1. Growing Disparities of Wealth. The past 30 years have seen increasing concentrations of income and wealth at the top of the income scale, relative stagnation in the middle, and worsening poverty at the bottom. Our respondents expect this trend to continue in the next 50 years, with possible dire consequences for American cities and regions. For growing disparities in income and wealth lead inevitably to an increasingly divided metropolis. If, as our respondents believe, these growing disparities of wealth will become the most important single influence on the American metropolis in the next 50 years, some of the negative consequences are detailed in the rest of the top 10 list: a perpetual "underclass" in central cities and inner-ring suburbs and the deterioration of the "first-ring" post-1945 suburb, as the struggling portions of the middle and working classes find themselves trapped in deteriorating older suburbs. On the wealthier side of the great metropolitan divide, we are likely to see the winners in our "winner-take-all society" isolate themselves in gated communities or other exclusive preserves at the edge of the region.

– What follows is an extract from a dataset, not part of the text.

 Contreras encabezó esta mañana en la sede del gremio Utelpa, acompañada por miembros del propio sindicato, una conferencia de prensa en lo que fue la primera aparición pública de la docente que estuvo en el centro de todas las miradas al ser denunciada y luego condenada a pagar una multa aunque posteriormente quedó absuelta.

Other likely trends include a home-building industry increasingly focused on high-end "trophy houses" or "tract mansions;" a similar concentration in retailing on upscale malls; office parks located near the enclaves where the top executives live-locations that often leave the bulk of the employees with long, difficult commutes; and increasing disparities between the quality of the school systems and other services in elite suburbs versus less-favored suburbs and inner cities. We are also likely to see new building focused not just on the outer edge of a region but in certain "quadrants" favored by the affluent: for example, in Washington, DC, the Northwest; in Minneapolis-St. Paul, the Southwest; in Atlanta and Chicago, the North. For the affluent who choose to live in gentrified neighborhoods in central cities, the rule of isolation will also obtain, as the wealthy use the techniques of privatization, ranging from private schools to special tax-and-service districts, to insulate themselves from the urban crisis around them.

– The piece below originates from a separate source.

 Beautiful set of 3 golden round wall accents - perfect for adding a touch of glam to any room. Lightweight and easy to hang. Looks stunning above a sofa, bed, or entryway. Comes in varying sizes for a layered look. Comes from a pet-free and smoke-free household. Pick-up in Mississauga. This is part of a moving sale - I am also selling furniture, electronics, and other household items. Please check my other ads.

2. Suburban Political Majority. The suburbs rule. The suburbs will continue to rule. The suburbs now enjoy an absolute political majority over both central cities and rural areas. In the 1996 presidential elections, for example, the suburbanites (residents of metropolitan areas outside of central cities, as the Census Bureau identifies them) comprised 50.5 percent of all Americans over age 18, and they cast 52.2 percent of the ballots because suburbanites register and vote in higher percentages than residents of central cities (who cast 27.8 percent of the ballots) or nonmetropolitan areas (who cast 20 percent of the ballots). Our respondents believe this majority will increase, and will increasingly determine policy in the next 50 years. If, as many argue, the most important future challenge for metropolitan areas will be to create some kind of effective regional governance for both central cities and their suburbs, this will happen only in ways the suburbs support. Nevertheless, the fact of the suburban political majority leaves many important questions unanswered. In the past 50 years, the suburbs have used their political clout to promote rapid growth for their own communities and isolate themselves and their tax bases from urban problems. Today, many suburban leaders have come to believe that the well-being of their own communities depends on regional cooperation to limit growth at the edge and reinvigorate their central cities. Moreover, if the predicted deterioration of older, first-ring suburbs takes place (see number 7), these less-affluent suburbs might form coalitions with their central cities against their more affluent neighbors on the edge. Thus, the suburban political majority could mean continued divisions between the suburbs and the central cities, or it could mean the opposite: regional coalitions and "smart growth" (see number 5).
3. Aging of the Baby Boomers. Because of the sheer size of the baby-boom generation-the 80 million Americans born between 1945 and 1964 who now comprise 30 percent of our total population-their needs have determined the most important trends in metropolitan development. This has meant not only the explosion of Levittown-style tract houses bought by the parents of the baby-boom generation, but also the growth of Sunbelt-style sprawl that has been the overwhelming choice of the baby boomers themselves. But this automobile-dependent suburban environment currently offers little provision for the aged. The baby boomers are now at or near the peak of their earning capacity, but by 2030 the estimated 61 million surviving boomers ages 66 to 84 will constitute 18 percent of our population (compared with 11 percent for that age category today). By 2030, a record 32 million Americans are predicted to be 75 years of age or older, double the number today. Beyond the physical difficulties of driving and home maintenance in the typical suburban environment, the suburban "communities of limited liability" have made few social investments in caring for the aged and dependent. But suburbia has already shown an unexpected capacity to adapt itself to new needs-for example, older people using empty mall corridors each morning as their walking tracks and social clubs. More important, developers are pioneering new forms of suburban "assisted-care living" that combine elements of condominium apartments and nursing homes. If crime rates continue to decline in large cities, empty nesters might increasingly sell their suburban tract homes to move to urban apartments where a full range of services can be found within walking distance.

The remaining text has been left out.